Throttling & Rate Limiting

Every service has a ceiling — some number of requests per second beyond which latency spikes, memory balloons, and things start falling over. The trouble is that traffic rarely arrives politely. A viral moment, a buggy client stuck in a retry loop, or an outright abusive caller can all send a sudden flood your way.

Throttling and rate limiting are how you stay standing through that flood: instead of accepting every request and collapsing under the weight, you accept what you can safely handle and turn the rest away. A service that says "no" to a fraction of traffic is far more useful than one that says nothing at all because it has crashed.

The problem

Without any limit, your service's capacity is shared on a first-come, first-served basis — and that's exactly the problem. When demand suddenly exceeds capacity, requests pile up, queues grow, threads and connections get tied up waiting, and response times climb for everyone. A spike meant for one feature degrades the entire system.

It's worse on a multi-tenant service. A single runaway client hammering your API in a tight loop can consume all the capacity, starving every other customer. One caller's bad day becomes everybody's outage. You need a way to draw a line: this much, and no more, per caller.

How it works

A throttle sits in front of the service, like a bouncer at a door. For each incoming request it asks a simple question: is this caller within their allowed rate? If yes, the request passes through to the service as normal. If no, the request is rejected — typically with an HTTP 429 Too Many Requests response — or deferred for later, rather than being allowed to add to the overload.

The key idea is that the limiter makes this decision cheaply and early, before the expensive work begins. Excess traffic bounces off the front door instead of consuming the resources behind it. The animation below shows requests streaming toward a service: those within the limit are waved through, while the surplus is turned away at the gate.

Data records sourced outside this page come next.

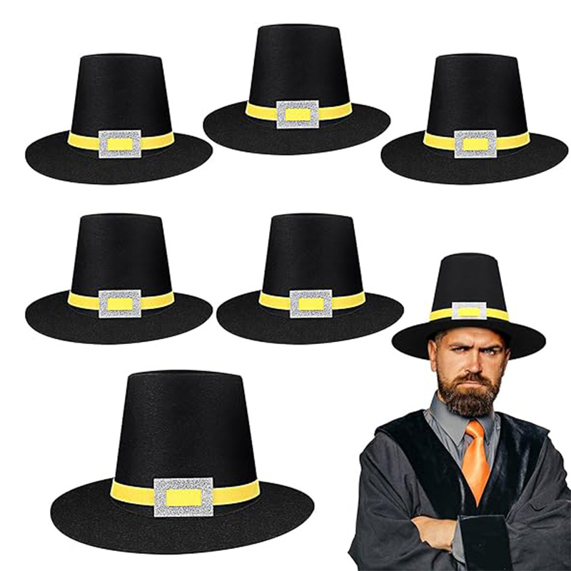 感謝祭黒フェルト帽子感謝祭大人黒巡礼帽子ゴールドバックル付き巡礼帽子コスチュームシルクハット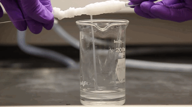 En cuanto a las formas de la barrera de polímero, ninguna otra reacción ocurre como los dos reactantes están separados físicamente. Ahora para el truco de la cuerda. Usando pinzas o una varilla de vidrio o prácticamente nada poke-y podemos agarrar el polímero en la interfaz y sacarlo de la solución. Como lo hacemos, los dos líquidos se permiten una vez más para conocer y empezar a añadir a las cadenas que ya hemos creado dentro de la capa que estamos extrayendo. Si envolvemos el polímero alrededor de un varilla de vidrio y comienza a girar, nos podemos salir de nylon nuestras soluciones indefinidamente, hasta que uno o ambos de los reactivos se agotan.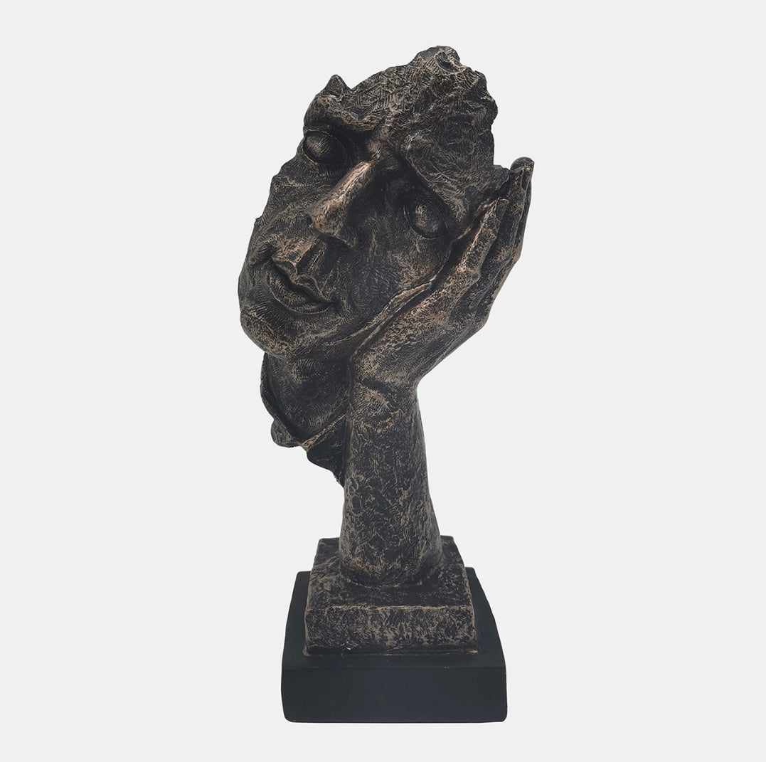 Add to your decor with the Bronze Resin Sleepy Head Sculpture. This figurine features a unique design that is sure to capture attention. Whether displayed on desks, or side tables in living rooms, or bedrooms, it creates a focal point of interest in any space.
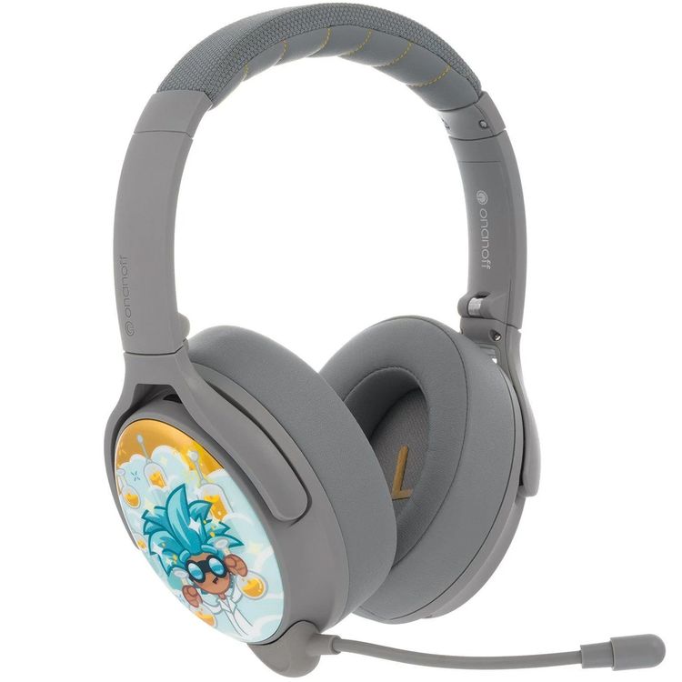 Buddyphones Cosmos Plus Kids Headphones with Wired and Wireless Connection, Active Noise Cancellation, Voice Enhancing StudyMode,Built-In Microphone - Gray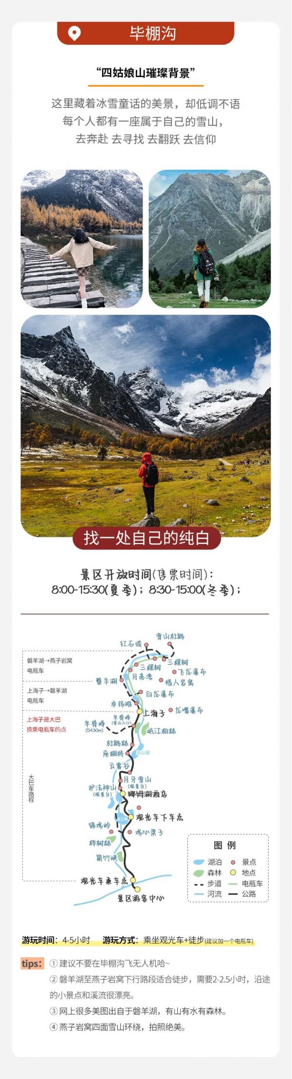 ? 美麗的山水世界【畢棚溝景區(qū)】(游覽時間3-4小時)換乘景區(qū)觀光車,觀賞古樸的原始風(fēng)光,海龍王潭、女皇峰、娜姆湖、神女十二蜂、盤羊湖,美景讓您流連忘返, 這與大自然最親密的接觸, 留在心里,回味一生!冬季的畢棚溝,銀裝素裹,美不勝收,滑 雪、堆雪人,打雪仗,各種雪上娛樂項(xiàng)目其樂無窮。仿佛穿行如夢如幻的冰雪童話世界,畫下你的身影,將您的祝福永遠(yuǎn)留在這里!穿梭于原始森林,眺綿延崎雪山雄峰、望飛瀉而下 的瀑布、看星羅棋布的海子、覓時有出沒的山珍野獸,夢幻般的世界讓你領(lǐng)略別樣的異族風(fēng)情。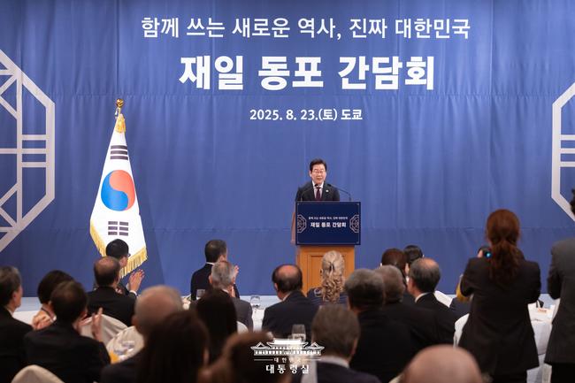이재명 대통령은 일본 도쿄에서 열린 재일 동포 초청 오찬 간담회에서 동포 사회의 헌신에 감사를 전하며, 한일관계 발전을 위한 든든한 가교 역할을 당부했다.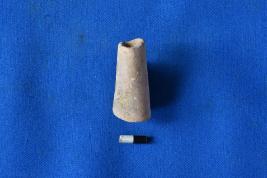 | Description / विवरण | A terracotta gamesman in red ware with tapering sides and circular flat base showing depression on top. |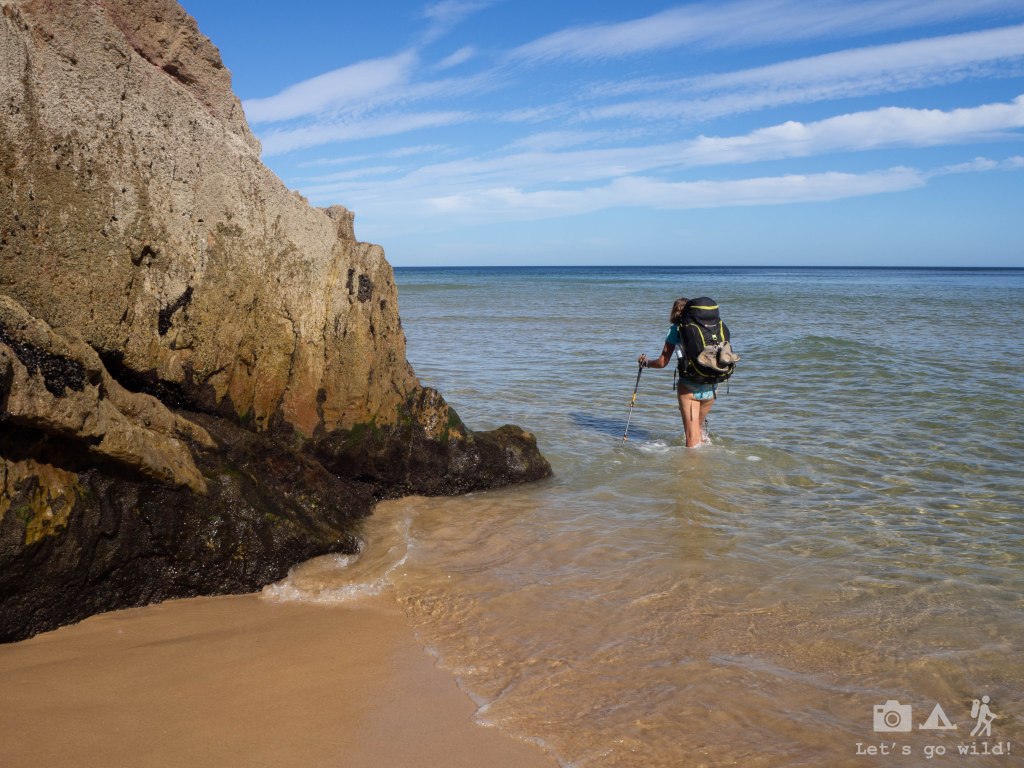 The camping of Aljezur was actually few kilometers before the village. We reached it early in the day and had a lazy afternoon, planning the rest of the hike. We’ve decided to divert a bit from the official route and to cut some corners as we didn’t have a particular interest in crossing all the villages. To do so, we had to divert to the Amoreira beach in Aljezur which also had a river to cross. This time we’d studied the schedule of tides in advance to know the best timing for crossing it. Besides, up to Sagres there were no more campings, thus we would need to find a place to stay on the go and know the possible places to refill our water supplies, which is not that easy on this trail.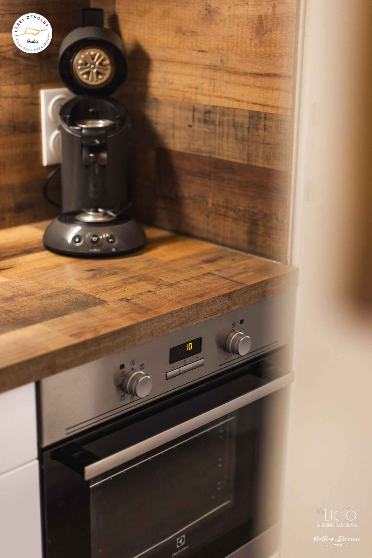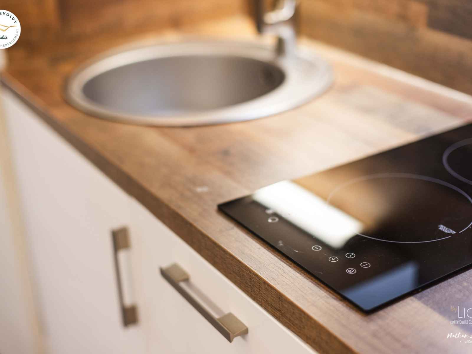 kitchenette entièrement équipée, four, grille-pain, bouilloire électrique, cafetière senseo-phillips, réfrigérateur, congélateur et lave-vaisselle.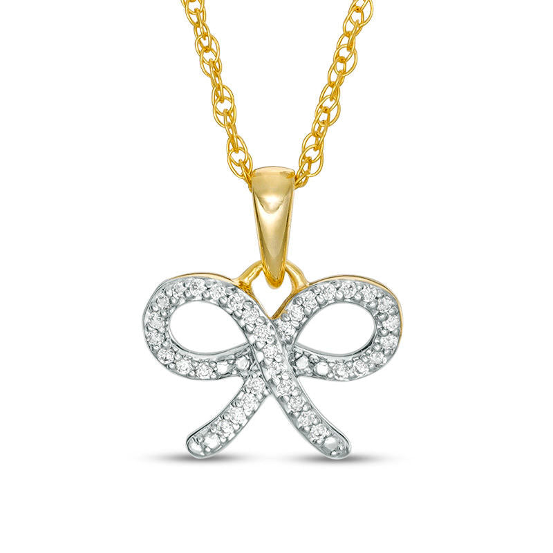 0.1 CT. T.W. Natural Diamond Ribbon Bow Pendant in 10K Yellow Gold

Cap the rate that reaches the service

request

Clients

Rate limiter

Service

Requests within the limit pass through; the rest are rejected or deferred, protecting the service.

Tip

Tell clients how to behave. A 429 response should include a Retry-After header (and often RateLimit-* headers describing the limit and remaining quota). Well-built clients read these and back off gracefully — turning a hard rejection into a brief, orderly pause instead of a frantic retry storm.

The common algorithms

Several algorithms decide whether a request fits within the limit, and they differ mainly in how they treat bursts:

Token bucket — a bucket holds tokens that refill at a steady rate, and each request spends one. A request is allowed only if a token is available. Because tokens accumulate while traffic is quiet, this tolerates short bursts up to the bucket's size, then settles to the refill rate.
Leaky bucket — requests pour into a queue that drains (leaks) at a fixed rate; if the queue overflows, new requests are dropped. This smooths bumpy traffic into a steady, predictable stream rather than allowing bursts.
Fixed window — count requests in each clock-aligned interval (say, per minute) and reject once the count hits the cap. Simple, but allows a double-rate burst straddling the boundary between two windows.
Sliding window — track requests over a continuously moving interval instead of fixed blocks, smoothing out that boundary spike at the cost of keeping a little more state.

Why it protects availability and fairness

Throttling defends your service in two distinct ways. First, availability: by capping total intake at or below what the system can handle, you keep it inside its safe operating envelope. A throttled service degrades gracefully — turning away the excess — instead of collapsing entirely and serving no one.

Second, fairness: with per-tenant or per-client limits, no single caller can monopolize shared capacity. Each tenant gets a guaranteed slice, so a noisy neighbor's spike is contained to their own quota rather than spilling over onto everyone else. This isolation is what makes throttling essential for any public or multi-tenant API.

Note

Rejecting vs. buffering. Throttling rejects or sheds excess to protect the service right now. Queue-based load leveling instead buffers the excess in a queue so the service can work through it at its own pace. They solve the same overload from opposite ends — drop it or defer it — and are often used together.

When to use it

Reach for throttling whenever a service can be overwhelmed by demand it doesn't control: public APIs, multi-tenant platforms, expensive endpoints, and anything fronting a limited downstream resource. It's the standard way to enforce usage tiers, defend against abuse and runaway clients, and keep a shared service fair under load.

It pairs naturally with related patterns. Use queue-based load leveling when the work can wait and you'd rather defer the spike than drop it; use throttling when you must protect capacity immediately. And combine it with a circuit breaker, which protects you from a failing downstream dependency, while throttling protects you from excessive inbound demand — together they guard both ends of the call.